DATA RECORDS:
++++++++
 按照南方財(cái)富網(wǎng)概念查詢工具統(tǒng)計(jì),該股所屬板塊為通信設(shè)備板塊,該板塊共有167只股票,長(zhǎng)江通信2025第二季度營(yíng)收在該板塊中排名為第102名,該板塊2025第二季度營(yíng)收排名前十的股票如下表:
++++++++
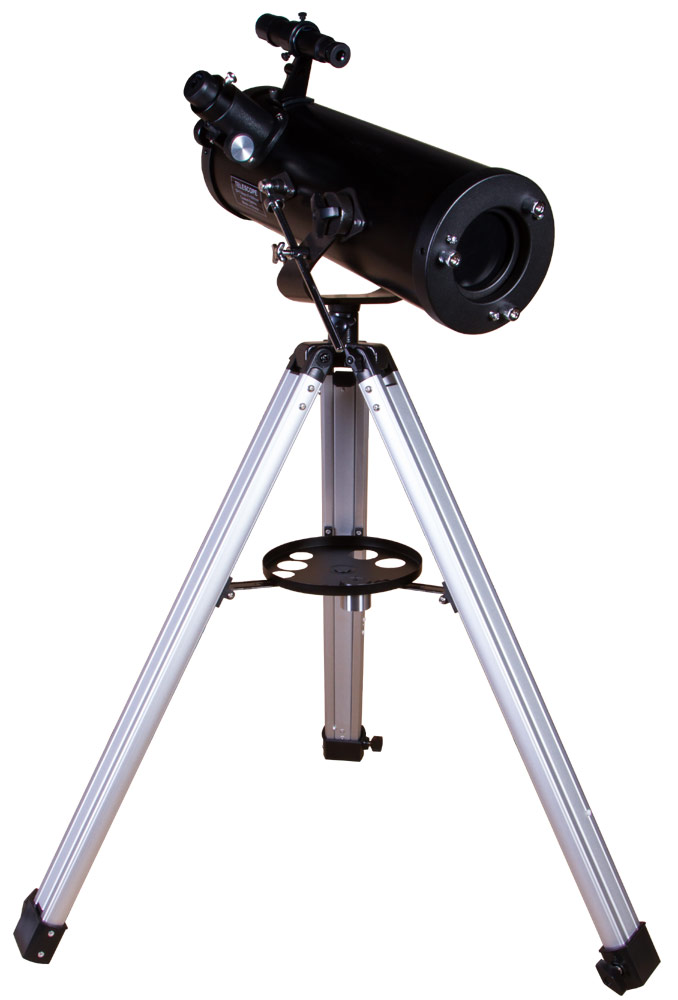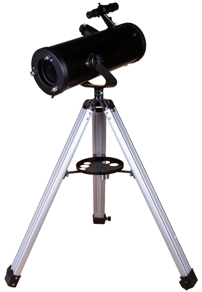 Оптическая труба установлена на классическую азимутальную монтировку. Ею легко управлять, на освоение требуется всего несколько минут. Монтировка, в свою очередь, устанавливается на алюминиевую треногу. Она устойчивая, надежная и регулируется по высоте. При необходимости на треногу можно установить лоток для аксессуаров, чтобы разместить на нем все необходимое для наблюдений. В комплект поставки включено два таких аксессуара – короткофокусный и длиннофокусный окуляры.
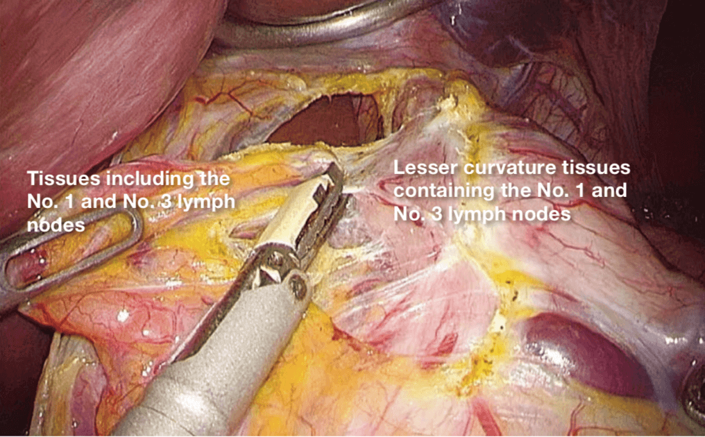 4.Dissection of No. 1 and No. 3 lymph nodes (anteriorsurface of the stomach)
++++++++
YOUR OBJECTIVE:
From the records above, extract the lines from the one holding "Оптическая труба установлена" through the one holding "4.Dissection of No.", word for word; omit the pictures.

SOLUTION:
 Оптическая труба установлена на классическую азимутальную монтировку. Ею легко управлять, на освоение требуется всего несколько минут. Монтировка, в свою очередь, устанавливается на алюминиевую треногу. Она устойчивая, надежная и регулируется по высоте. При необходимости на треногу можно установить лоток для аксессуаров, чтобы разместить на нем все необходимое для наблюдений. В комплект поставки включено два таких аксессуара – короткофокусный и длиннофокусный окуляры.
 4.Dissection of No. 1 and No. 3 lymph nodes (anteriorsurface of the stomach)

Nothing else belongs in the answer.